§ **WHAT YOU HAVE TO DO**:
No pictures belong in the copy. Retype exactly, and only, the stretch of lines below from the one with "Cheminées, Kachelöfen und" through the one with "Auch nutzen wir".

§ **DATA PROVIDED**:
☆ ☆ ☆ ☆ ☆
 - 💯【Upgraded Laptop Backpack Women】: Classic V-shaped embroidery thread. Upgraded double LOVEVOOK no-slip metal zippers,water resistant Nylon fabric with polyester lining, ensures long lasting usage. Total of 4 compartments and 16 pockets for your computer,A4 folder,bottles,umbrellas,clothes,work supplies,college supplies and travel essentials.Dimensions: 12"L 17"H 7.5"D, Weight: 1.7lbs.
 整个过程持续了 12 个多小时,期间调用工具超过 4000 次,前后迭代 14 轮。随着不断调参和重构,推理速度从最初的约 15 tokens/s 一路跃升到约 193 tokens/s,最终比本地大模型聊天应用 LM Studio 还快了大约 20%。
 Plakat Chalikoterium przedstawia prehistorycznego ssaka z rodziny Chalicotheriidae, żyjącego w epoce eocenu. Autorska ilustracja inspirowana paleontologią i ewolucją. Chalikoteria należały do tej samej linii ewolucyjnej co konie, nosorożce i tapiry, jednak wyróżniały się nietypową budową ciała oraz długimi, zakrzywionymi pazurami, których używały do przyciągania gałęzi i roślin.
☆ ☆ ☆ ☆ ☆
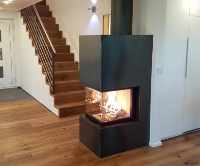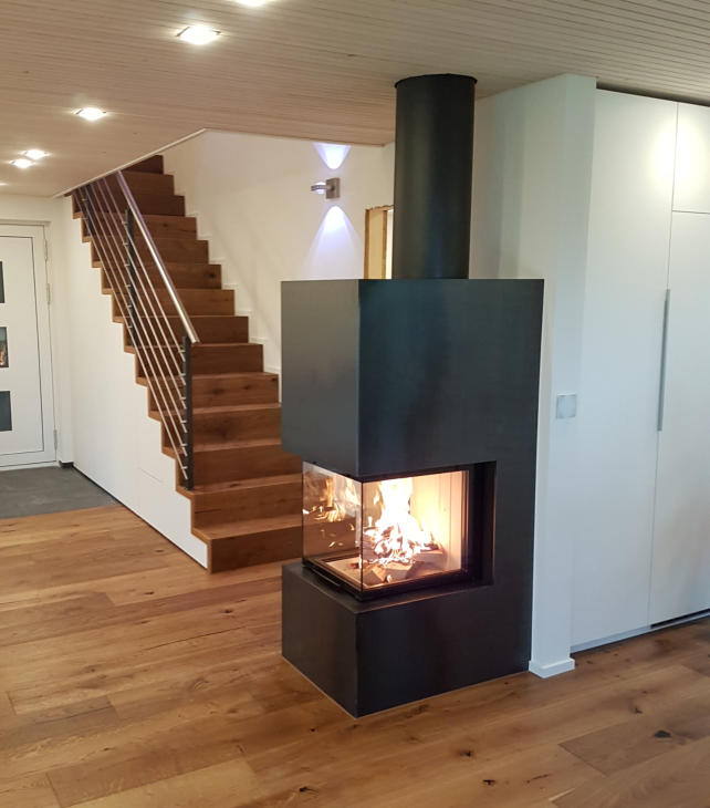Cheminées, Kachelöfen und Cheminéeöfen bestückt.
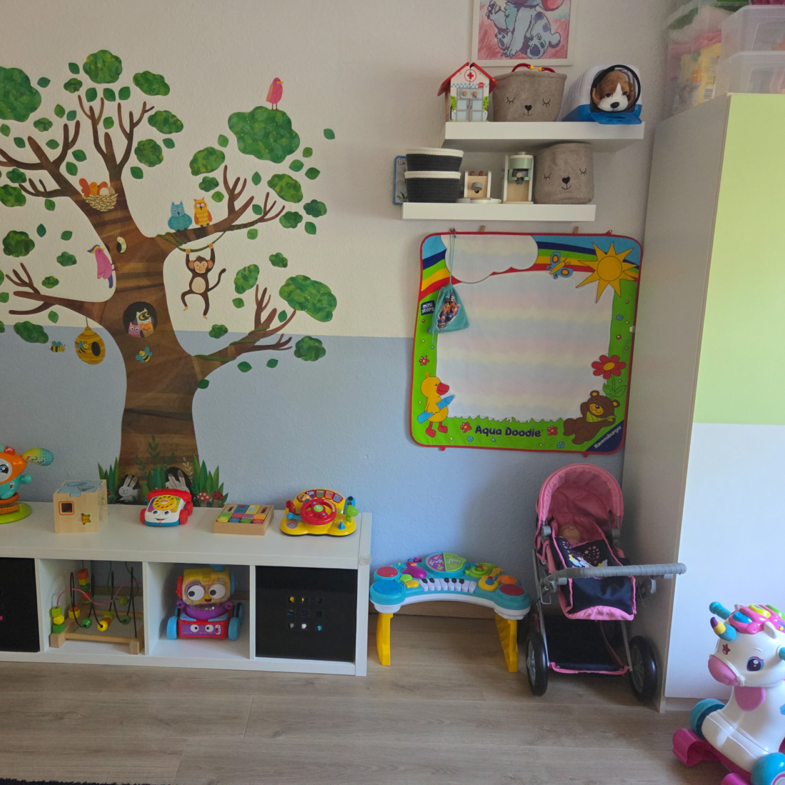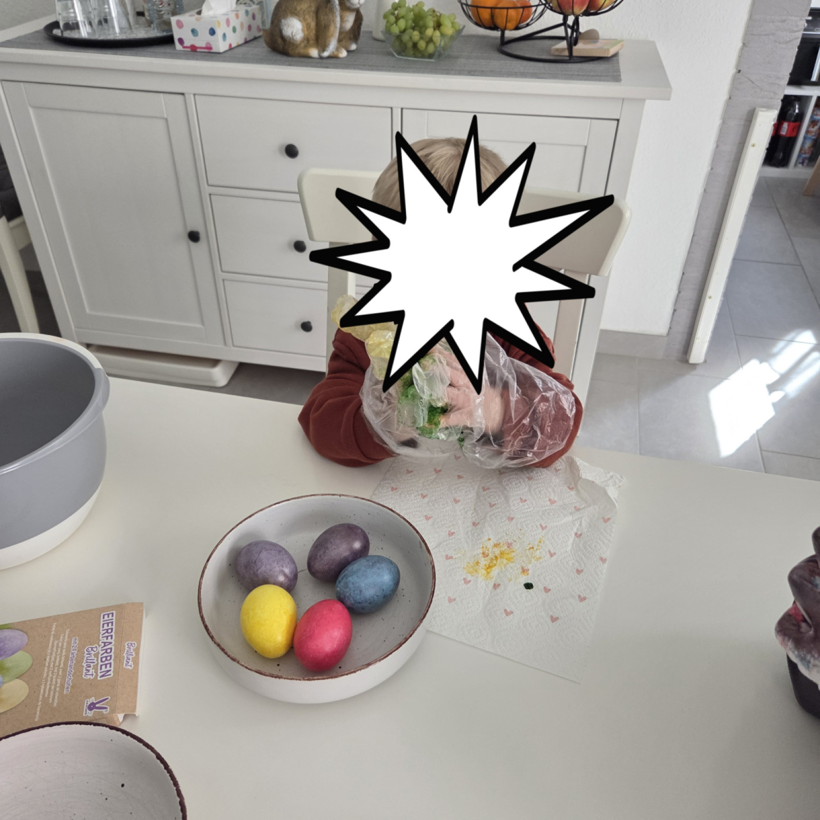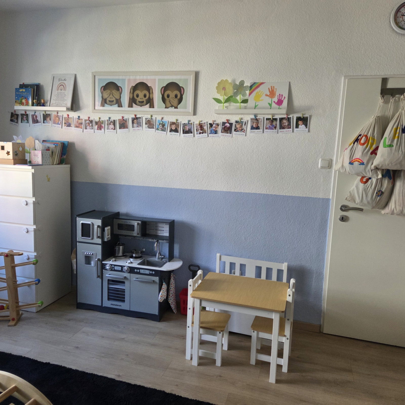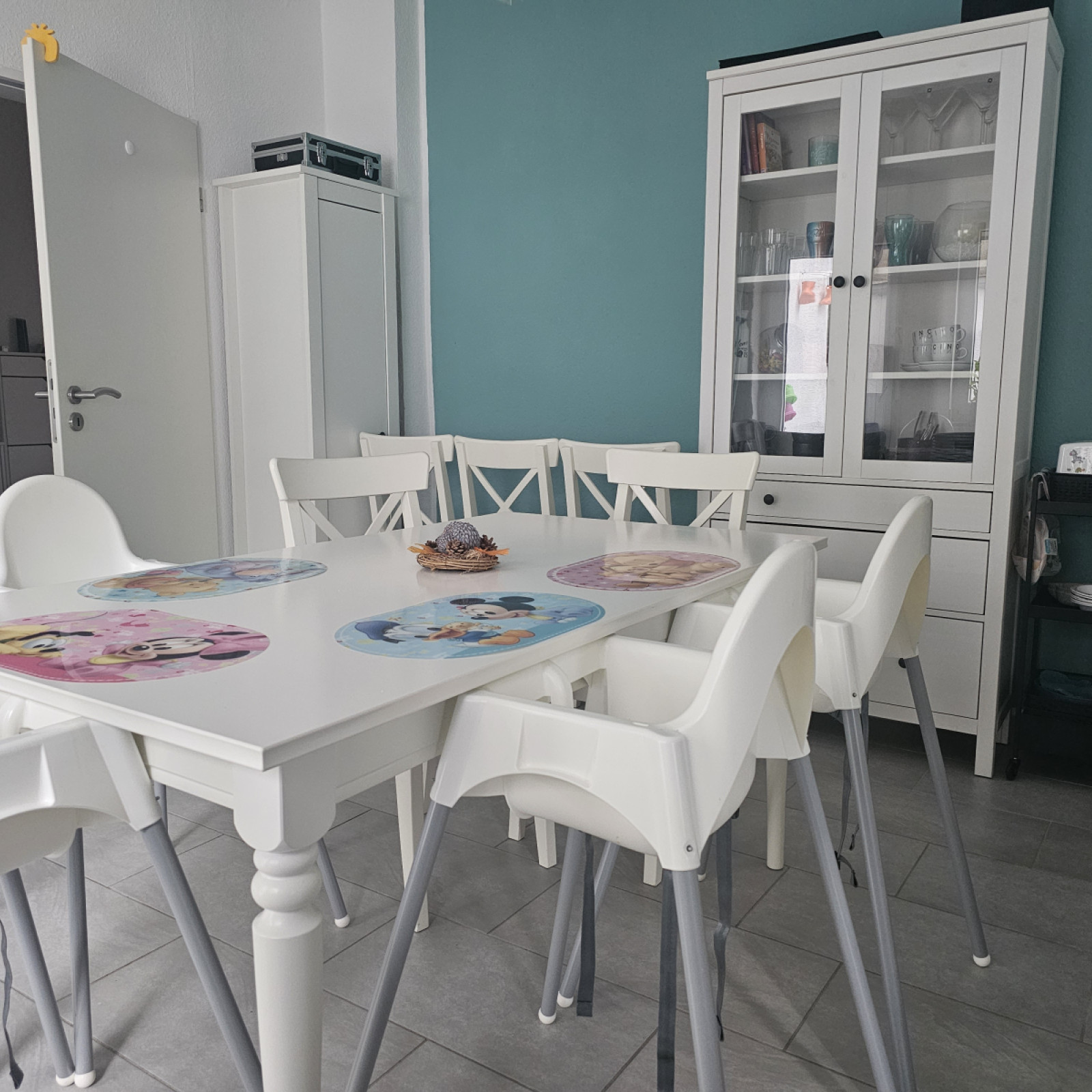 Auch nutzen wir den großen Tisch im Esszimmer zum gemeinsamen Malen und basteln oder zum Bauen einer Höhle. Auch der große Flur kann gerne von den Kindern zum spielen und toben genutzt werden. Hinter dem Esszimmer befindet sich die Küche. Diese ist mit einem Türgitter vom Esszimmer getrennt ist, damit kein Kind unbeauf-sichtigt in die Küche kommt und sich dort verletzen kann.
☆ ☆ ☆ ☆ ☆
§ **ANSWER TO THIS EXERCISE**:
Cheminées, Kachelöfen und Cheminéeöfen bestückt.
 Auch nutzen wir den großen Tisch im Esszimmer zum gemeinsamen Malen und basteln oder zum Bauen einer Höhle. Auch der große Flur kann gerne von den Kindern zum spielen und toben genutzt werden. Hinter dem Esszimmer befindet sich die Küche. Diese ist mit einem Türgitter vom Esszimmer getrennt ist, damit kein Kind unbeauf-sichtigt in die Küche kommt und sich dort verletzen kann.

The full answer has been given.